PROBLEM REQUIREMENTS:
Everything from the first line of the data through the line with "LOT OF 2 HARD" is to be echoed exactly, minus the pictures.

MATERIAL PROVIDED:
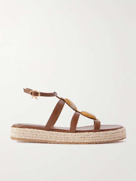 Gianvito Rossi's sandals are modeled on classic gladiator styles. They're made from leather and punctuated with polished stones and gold-tone hardware. The 20mm raffia-wrapped soles offer perfect lift.
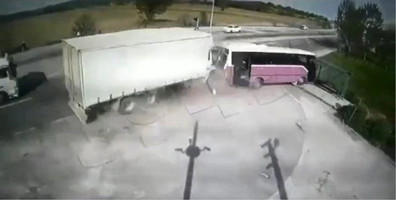Sakarya’da kamyonun yolcu otobüsüne çarptığı feci kaza kamerada
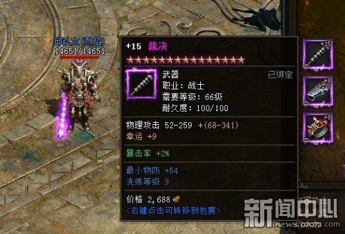 在原有的白色、蓝色、绿色的基础上,本次版本开放了紫装系统。紫色装备比蓝、绿色装备在基础属性上有更大的加成。紫色装备有较低概率通过击杀各种BOSS及副本掉落。
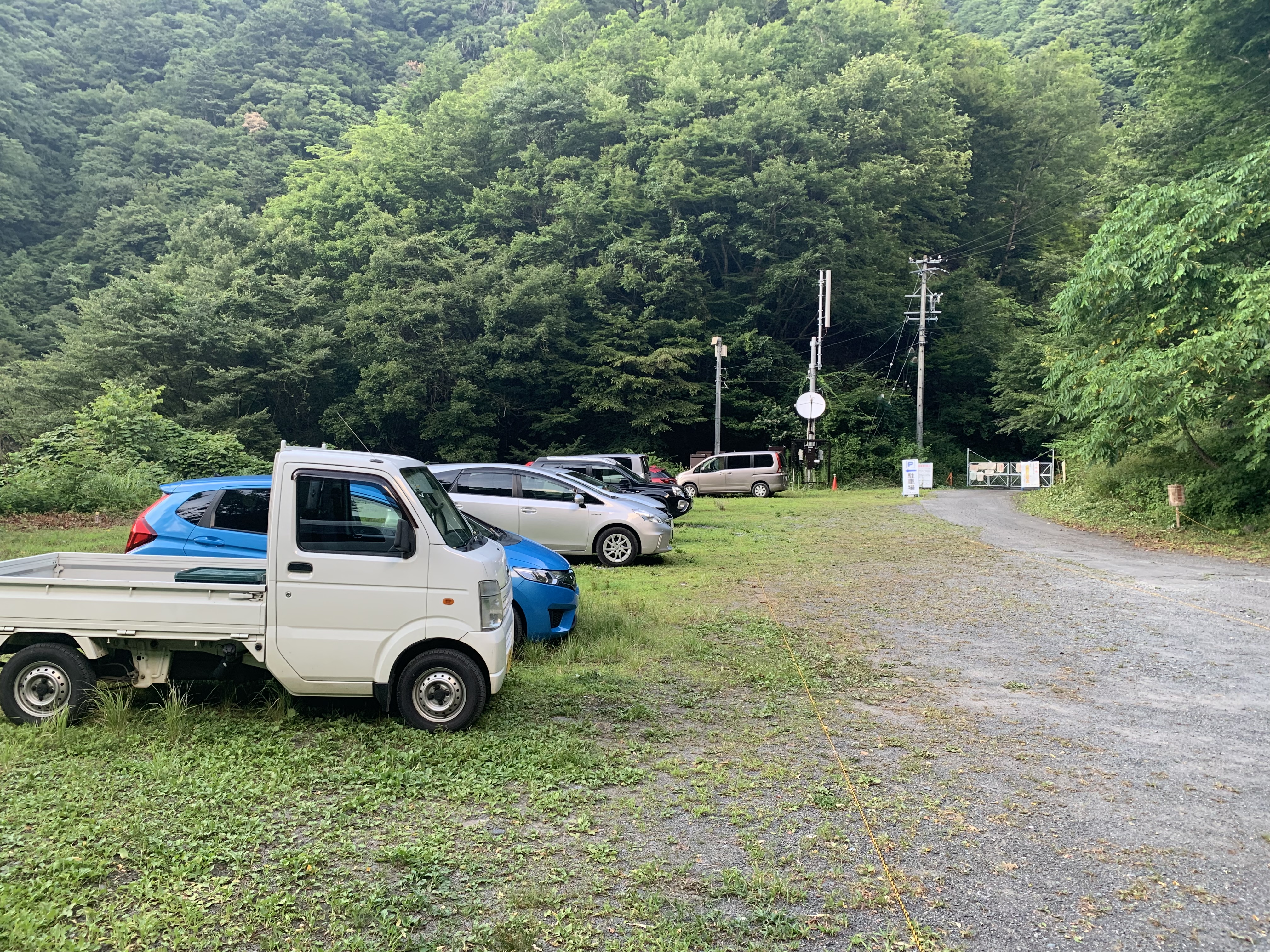 松本駅で友人を乗せ、松本ICを14時22分に入る。飯田ICを15時22分に出る。矢筈トンネルを抜け、国道152号線を通り、上村経由で一旦南信濃の遠山郷に立ち寄る。そこで夕食を摂り温泉に入る予定だった。1件あるス-パ-に寄り、弁当を買おうとしたが売切れだった。しかも公衆温泉かぐらの湯は定休日だった。親切なことに、そこの主が食事処と穴場の温泉に案内してくれる。案内された紺屋旅館で30分程食事休憩する。17時頃そこを出て、遅くなったので温泉は止めて龍渕寺にある観音霊水を汲んで、芝沢駐車場に向けて出発する。国道152号線を南アルプス登山口の看板の所まで引返す。そこから赤石林道15Km程を1時間程かけて芝沢駐車場に行く。駐車場は比較的空いていた。テントと車で宿泊する。
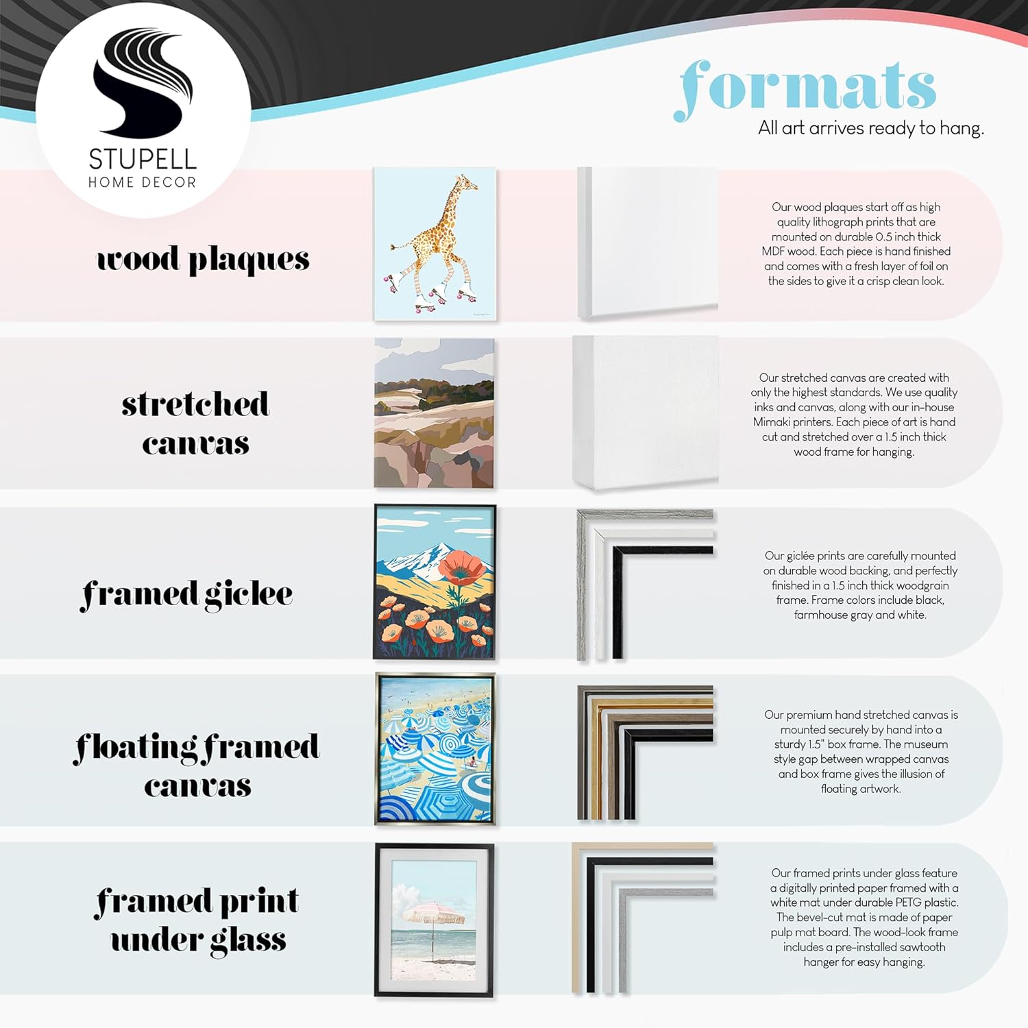 Add dimension to any room with our textured Framed Giclee Artwork. Our framed artwork is securely mounted into a 1.5-inch thick wood grain frame and ready to hang. Frames are available in three alluring styles: black, gray farmhouse and white. In addition, you should check out our oversized options if you want a statement piece. Stupell Industries Wall Art is made in the USA.
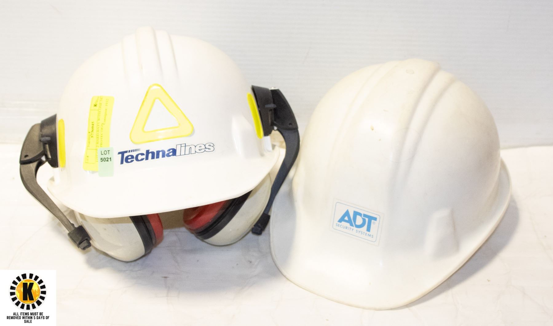 LOT OF 2 HARD HATS WITH ONE SET OF EAR PROTECTION
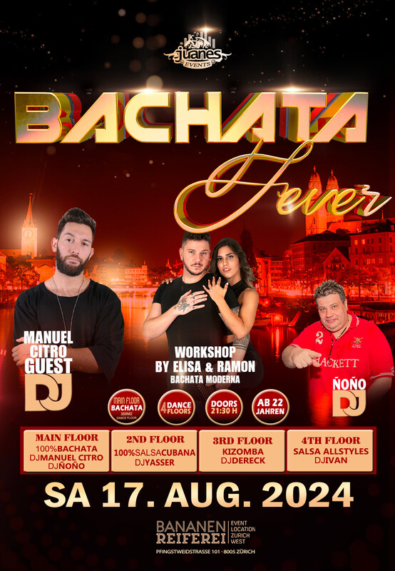 🔥 BACHATA FEVER 🔥 mit DJ MANUEL CITRO DJ ÑOÑO & Ramon & Elisa Workshop Bananenreiferei by Juanes 🔥 Samstag 17. August 2024 🔥 4 DANCE FLOORS 🔥 AB 22 JAHREN 🔥 DOORS: 21:30 – 04:00 UHR 🔥 EINTRITT CHF 20.- 🔥 EINTRITT: BEZAHLUNG AN DER KASSE NUR BARGELD 🔥 GRATIS GARDEROBE 🔥 400 AUTO PARKPLÄTZE ●●● 20:30 Uhr WORKSHOP BY RAMON & ELISA, Bachata Moderna INTERMEDIATE. ●●● Sie brauchen nicht zu buchen, kommen Sie direkt zum Bananenreiferei am Samstag, 17. August um 20:15 Uhr. Der Workshop Preis ist CHF 25.- Inkl. Garderobe & Party auf 4 Dance Floors. ●●● 🔥 MAIN FLOOR: 100% BACHATA FEVER (371 m2 Dance Floor) 🔥 DJ MANUEL CITRO 🔥 DJ ÑOÑO Bachata Fusion, Sensual, Moderna, Clasica, Del Recuerdo ●●● 🔥 2ND FLOOR: 100% SALSA CUBANA: DJ YASSER 100% Salsa Cubana, Timba, Rumba,Fiesta. ●●● 🔥 3RD FLOOR: KIZOMBA FEVER: DJ DERECK Kizomba, Semba, Tarraxinha, Afrohouse, Urban Kiz 🔥🔥🔥 🔥 4TH FLOOR: SALSA ALLSTYLES DJ IVAN Salsa Allstyles, Clasica, Puertorriqueña, Romantica 🔥🔥🔥 BANANENREIFEREI Pfingstweidstrasse 101 8005 Zürich 🔥🔥🔥 DATES 2024 BANANENREIFEREI Sa 17.08.2024 Sa 19.10.2024 Sa 16.11.2024 Sa 21.12.2024 🔥🔥🔥 FOLLOW US in INSTAGRAM https://www.instagram.com/bachata_fever_juanes/ 🔥🔥 OFFICIAL JUANES EVENTS FACEBOOK https://www.facebook.com/juanesevents 🔥🔥 Bienvenidos Juanes Events
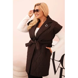 Stylová, prošívaná dámská vesta s páskem je nabídkou pro ženy, které si cení eleganci spojenou s pohodlím. Model s klasickým límcem a dekorativní broží „D” krásně zvýrazňuje siluetu díky přiloženému pásku, který lze regulovat v pase. Prošívaný materiál s geometrickým vzorem dodává celku moderní charakter a délka po kolena zajišťuje ochranu a komfort v chladnějších dnech.
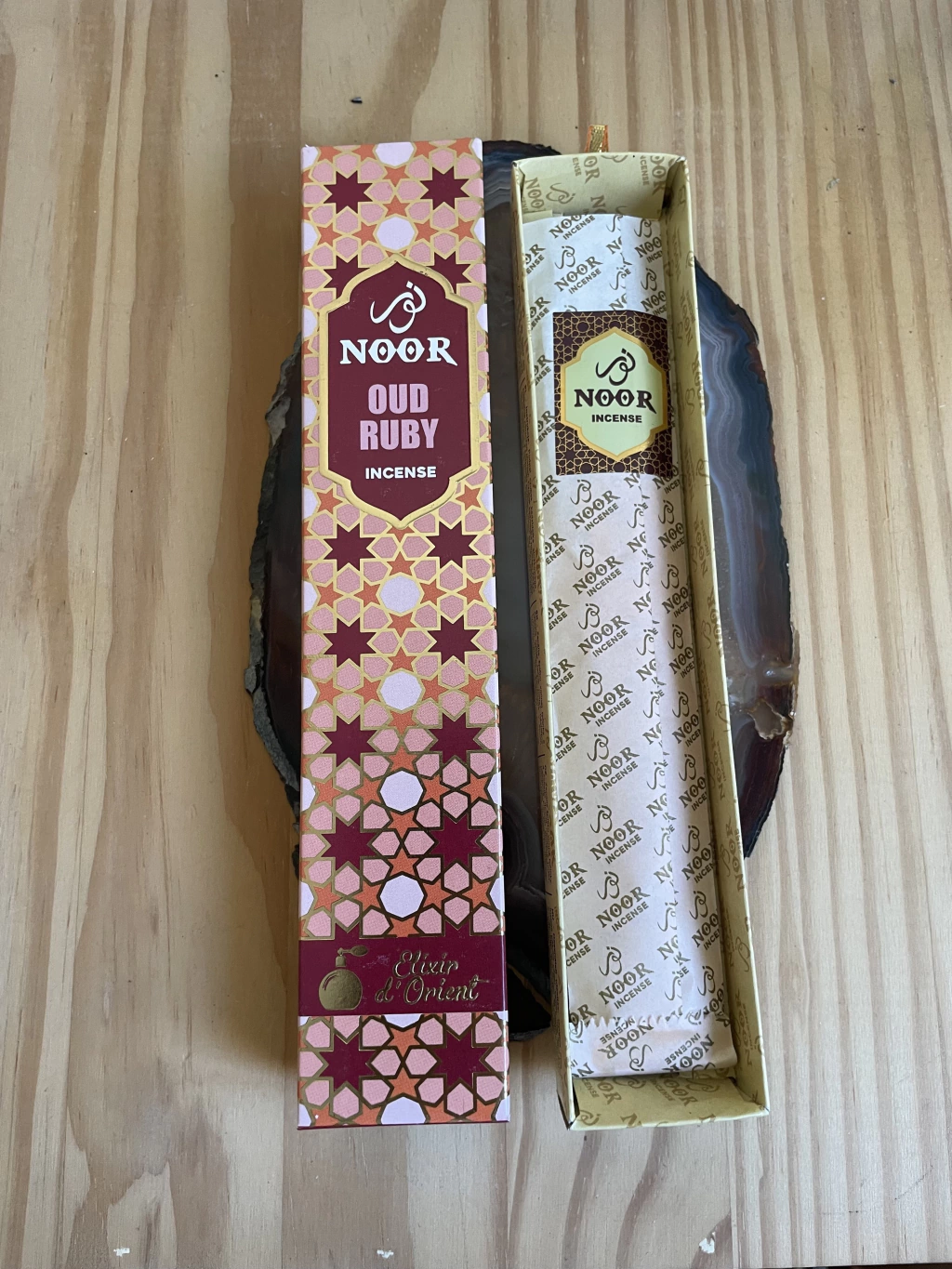 Incenso Massala Oud Ruby Noor proporciona um estado de espírito favorável à introspecção e à espiritualidade, além de harmonizar e purificar ambientes. Deliciosa fragrância Indiana. Beneficio do aroma do Incenso Ruby Noor, composto por ervas naturais como Oud, Rose, Absolute, Geranium, Iris, Berries, funciona como um equilibrador, harmonizando um ambiente, limpando as energias negativas e atraindo bons fluidos.
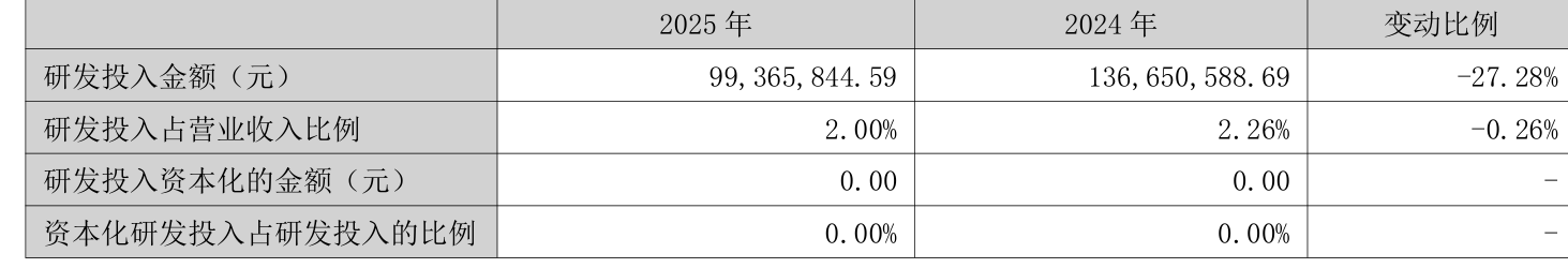 2025年全年,公司研发投入金额为9936.58万元,同比下降27.28%;研发投入占营业收入比例为2%,相比上年同期下降0.26个百分点。此外,公司全年研发投入资本化率为0%。
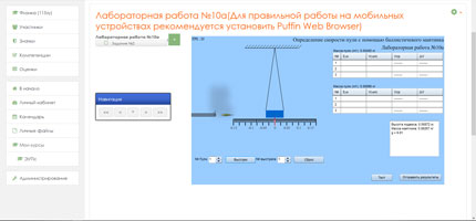 В ходе лабораторной работы студент проводит анимированный эксперимент, состоящий из серии опытов: выполняет расчеты, заполняет таблицы, проходит тест с контрольными вопросами. Отчет по результатам лабораторной работы проходит автоматизированную проверку с оценкой и сохраняется в архиве центрального портала вуза с возможностью дальнейшего контроля и обратной связи с преподавателем.
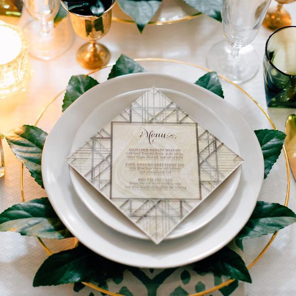 爱一个字母组合?考虑个性化亚麻餐巾纸用新的首字母或客人的个人的名字。采取这种对细节的关注到一个新的水平增加一个古董银英镑餐巾环,并在每个地方设置惊艳美术字卡。(在这件婚纱,夫妻俩甚至还添加了与他们的场地果园觅食梨子果香冲。)

ANSWER AREA:
 Gianvito Rossi's sandals are modeled on classic gladiator styles. They're made from leather and punctuated with polished stones and gold-tone hardware. The 20mm raffia-wrapped soles offer perfect lift.
Sakarya’da kamyonun yolcu otobüsüne çarptığı feci kaza kamerada
 在原有的白色、蓝色、绿色的基础上,本次版本开放了紫装系统。紫色装备比蓝、绿色装备在基础属性上有更大的加成。紫色装备有较低概率通过击杀各种BOSS及副本掉落。
 松本駅で友人を乗せ、松本ICを14時22分に入る。飯田ICを15時22分に出る。矢筈トンネルを抜け、国道152号線を通り、上村経由で一旦南信濃の遠山郷に立ち寄る。そこで夕食を摂り温泉に入る予定だった。1件あるス-パ-に寄り、弁当を買おうとしたが売切れだった。しかも公衆温泉かぐらの湯は定休日だった。親切なことに、そこの主が食事処と穴場の温泉に案内してくれる。案内された紺屋旅館で30分程食事休憩する。17時頃そこを出て、遅くなったので温泉は止めて龍渕寺にある観音霊水を汲んで、芝沢駐車場に向けて出発する。国道152号線を南アルプス登山口の看板の所まで引返す。そこから赤石林道15Km程を1時間程かけて芝沢駐車場に行く。駐車場は比較的空いていた。テントと車で宿泊する。
 Add dimension to any room with our textured Framed Giclee Artwork. Our framed artwork is securely mounted into a 1.5-inch thick wood grain frame and ready to hang. Frames are available in three alluring styles: black, gray farmhouse and white. In addition, you should check out our oversized options if you want a statement piece. Stupell Industries Wall Art is made in the USA.
 LOT OF 2 HARD HATS WITH ONE SET OF EAR PROTECTION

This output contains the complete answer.